Journal

Storm

I am so used to be a in a rainstrom left to die in the open sea when the sun comes out it so foreign to me the way it shines and blinds me i miss the strom not knowing if i was going to die or live for another hit of the waves.
I miss the way my boat would rock between the seas and sharp rock below me i was thrilled to survive another blow by the sea shouting at it words i could never say to another sailor.
When it rain the water would hit hard to leave a mark on my skin. I miss the joy of it even if it one that could fatally hurt. The sounds the oceans would make so angry and hurt at those who sail in it. The sea life begging for help to escape the water hell that was destroying my boat.
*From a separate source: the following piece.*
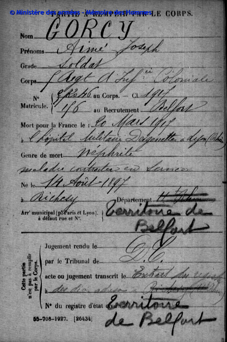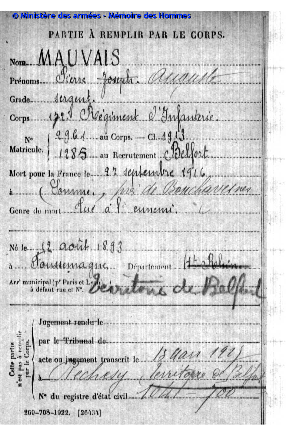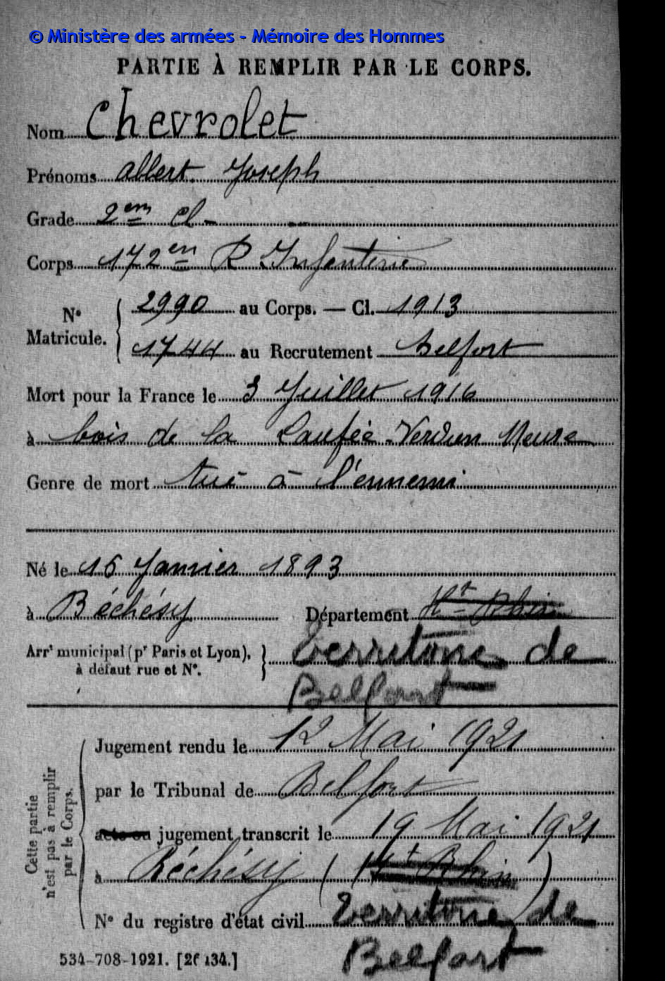 2ème classe CHEVROLET Albert Joseph 172ème Régiment d'Infanterie Gefallen in Damloup - Meuse (F) |

Now the sun has come out the waters are calm like a bathtub with a rubber duck the sea life returns with welcoming arms at the old friend they miss.
My boat just floats it sails left to right in the blue mystic being the rocks cant reach my boat to tear at the bottom floor. The words i shouted out no longer mean anything just a empty promise. The only marks i get is sunburns when they feel like a string from a ray. The sea and oceans not a guttural bellow but a sweet tide sound bring what fell in the water back on land even me. Back on the sand missing the violent storm. Even the bottle of a ship i lost long ago cant compare to the dark side of what i love about the open waters.